** Opening SUPPLIED RECORDS block **

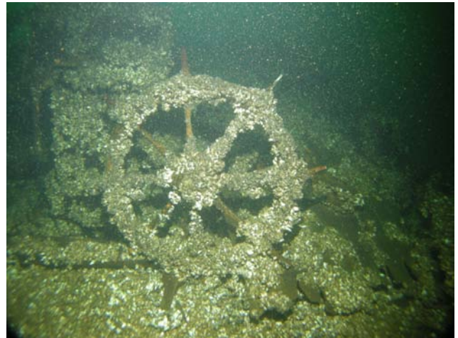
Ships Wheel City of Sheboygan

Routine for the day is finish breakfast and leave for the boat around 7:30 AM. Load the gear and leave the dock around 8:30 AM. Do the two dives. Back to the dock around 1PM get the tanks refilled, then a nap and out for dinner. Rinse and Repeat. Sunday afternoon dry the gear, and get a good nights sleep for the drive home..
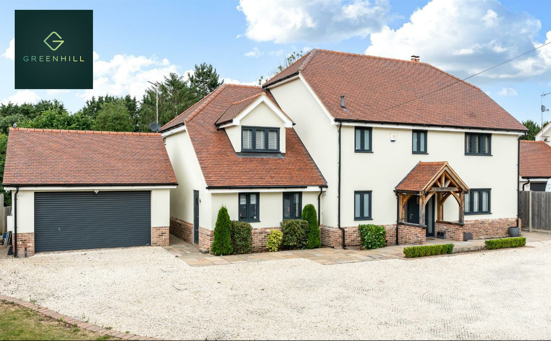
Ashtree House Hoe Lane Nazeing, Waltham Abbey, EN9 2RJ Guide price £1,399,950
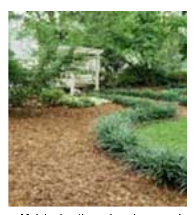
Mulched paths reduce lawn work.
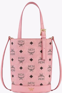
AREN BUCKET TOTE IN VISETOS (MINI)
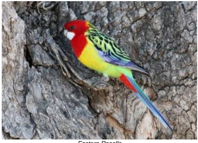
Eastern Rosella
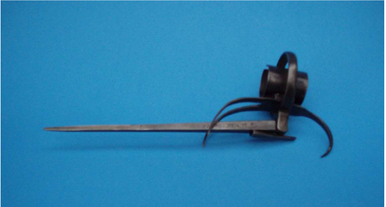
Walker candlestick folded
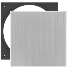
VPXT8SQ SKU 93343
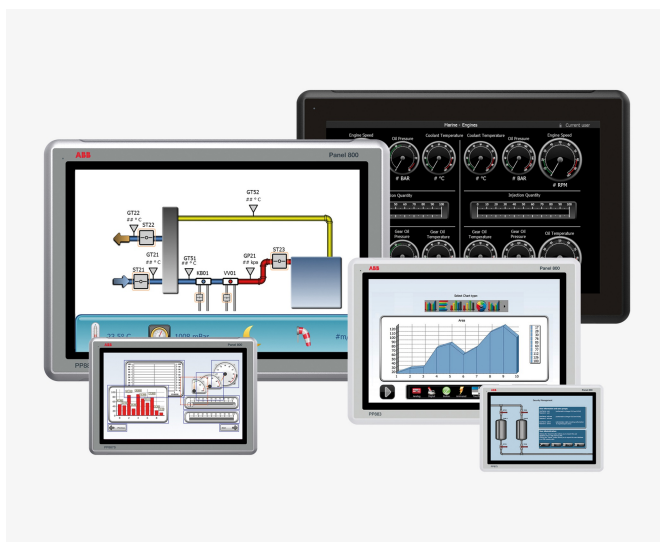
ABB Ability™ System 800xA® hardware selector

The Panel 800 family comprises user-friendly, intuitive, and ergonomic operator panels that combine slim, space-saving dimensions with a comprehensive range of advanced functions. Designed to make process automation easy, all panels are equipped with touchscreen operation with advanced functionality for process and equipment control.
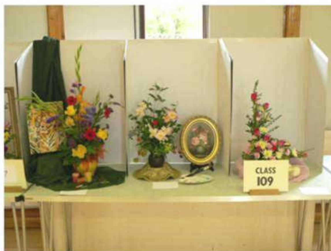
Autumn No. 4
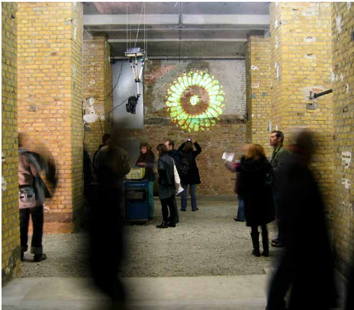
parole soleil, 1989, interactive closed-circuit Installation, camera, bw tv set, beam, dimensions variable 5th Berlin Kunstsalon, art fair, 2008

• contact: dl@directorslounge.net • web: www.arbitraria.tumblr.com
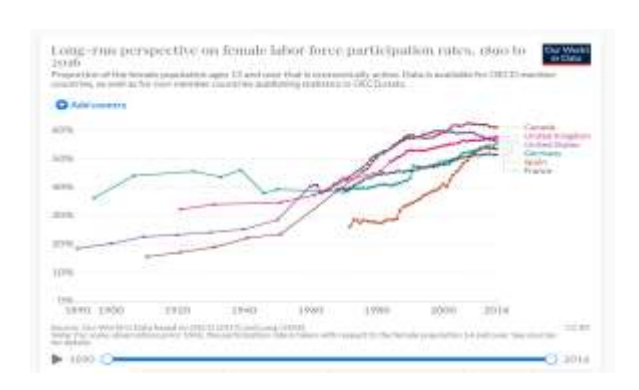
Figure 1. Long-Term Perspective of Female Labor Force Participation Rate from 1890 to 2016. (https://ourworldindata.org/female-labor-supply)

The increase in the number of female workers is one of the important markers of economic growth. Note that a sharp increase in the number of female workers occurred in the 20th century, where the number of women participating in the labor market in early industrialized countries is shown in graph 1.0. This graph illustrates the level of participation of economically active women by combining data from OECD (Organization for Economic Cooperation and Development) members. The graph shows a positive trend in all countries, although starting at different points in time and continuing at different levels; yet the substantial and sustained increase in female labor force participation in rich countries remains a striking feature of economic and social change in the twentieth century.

** Closing SUPPLIED RECORDS block **
** Opening SUPPLIED RECORDS block **

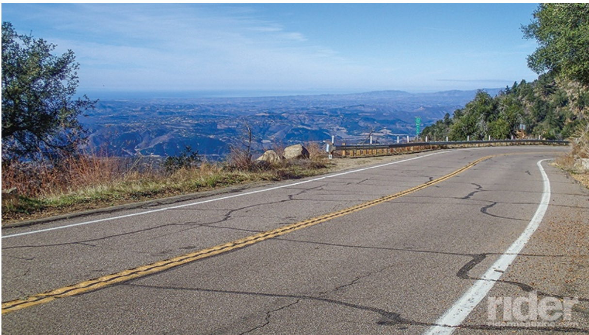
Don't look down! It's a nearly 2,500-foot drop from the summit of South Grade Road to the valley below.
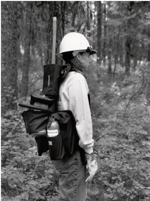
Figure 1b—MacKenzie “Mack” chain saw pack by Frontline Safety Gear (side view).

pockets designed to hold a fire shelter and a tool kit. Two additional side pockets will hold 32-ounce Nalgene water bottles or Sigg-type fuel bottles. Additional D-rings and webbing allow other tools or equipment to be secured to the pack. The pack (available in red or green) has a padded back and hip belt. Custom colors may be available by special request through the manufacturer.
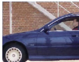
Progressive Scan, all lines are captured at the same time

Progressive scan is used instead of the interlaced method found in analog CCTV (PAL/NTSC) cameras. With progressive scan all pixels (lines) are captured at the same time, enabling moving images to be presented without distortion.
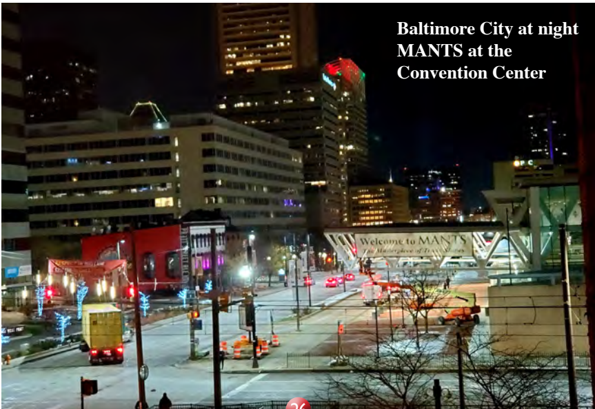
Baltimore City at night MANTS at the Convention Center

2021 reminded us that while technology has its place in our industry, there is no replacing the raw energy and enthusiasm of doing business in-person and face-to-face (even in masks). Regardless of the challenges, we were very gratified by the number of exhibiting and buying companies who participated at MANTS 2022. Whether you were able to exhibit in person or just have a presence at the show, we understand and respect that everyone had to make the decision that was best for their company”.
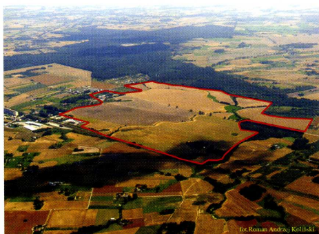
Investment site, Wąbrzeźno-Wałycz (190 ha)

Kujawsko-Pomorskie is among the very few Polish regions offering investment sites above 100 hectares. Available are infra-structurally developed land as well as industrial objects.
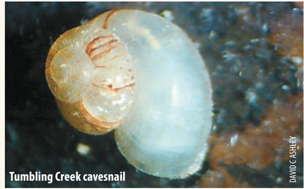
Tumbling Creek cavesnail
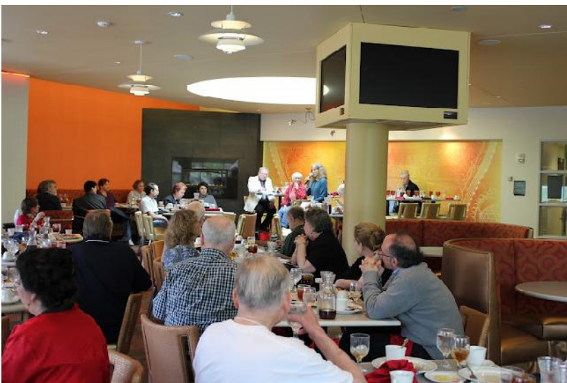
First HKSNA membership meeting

** Closing SUPPLIED RECORDS block **
** Opening SUPPLIED RECORDS block **

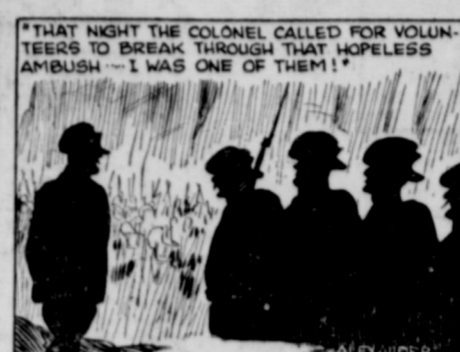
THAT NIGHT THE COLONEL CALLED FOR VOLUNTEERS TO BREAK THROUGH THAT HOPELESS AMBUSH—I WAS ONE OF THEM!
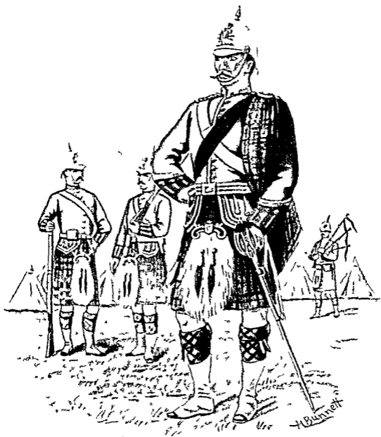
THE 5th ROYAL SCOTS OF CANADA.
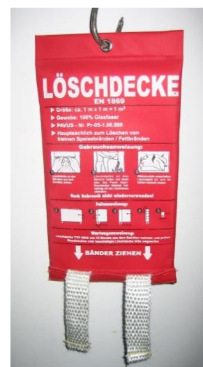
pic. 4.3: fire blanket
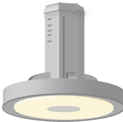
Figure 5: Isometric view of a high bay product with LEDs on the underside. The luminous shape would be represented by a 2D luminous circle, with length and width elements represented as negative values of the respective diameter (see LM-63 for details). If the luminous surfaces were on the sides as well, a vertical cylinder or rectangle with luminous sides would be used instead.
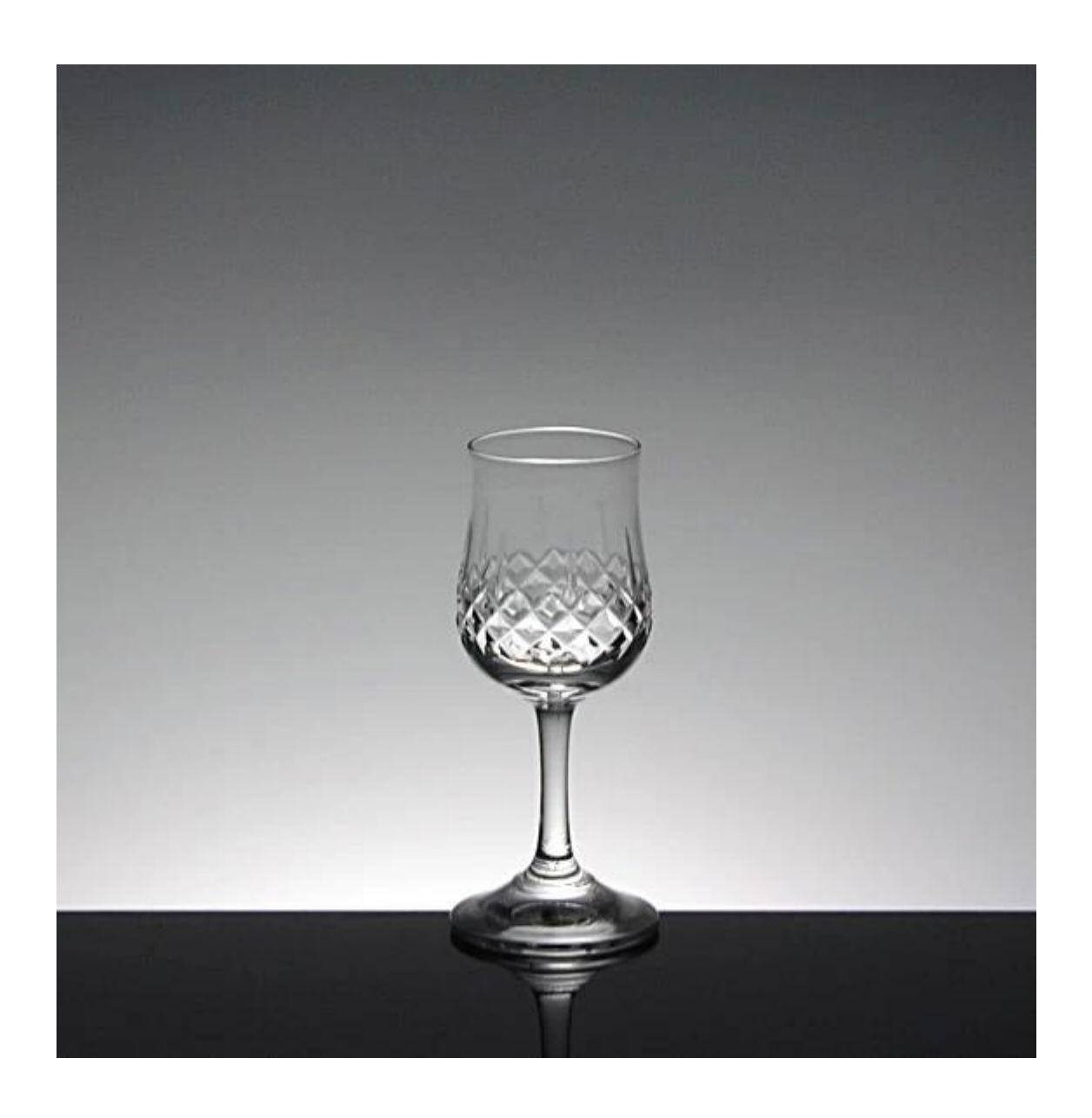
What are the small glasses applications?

** Closing SUPPLIED RECORDS block **

ASSIGNMENT →
Once the line with "pic. 4.3: fire blanket" is found in the data above, reproduce it and each line after it exactly, through the line with "What are the small glasses applications?". Omit the pictures.

WRITTEN SOLUTION →
pic. 4.3: fire blanket
Figure 5: Isometric view of a high bay product with LEDs on the underside. The luminous shape would be represented by a 2D luminous circle, with length and width elements represented as negative values of the respective diameter (see LM-63 for details). If the luminous surfaces were on the sides as well, a vertical cylinder or rectangle with luminous sides would be used instead.
What are the small glasses applications?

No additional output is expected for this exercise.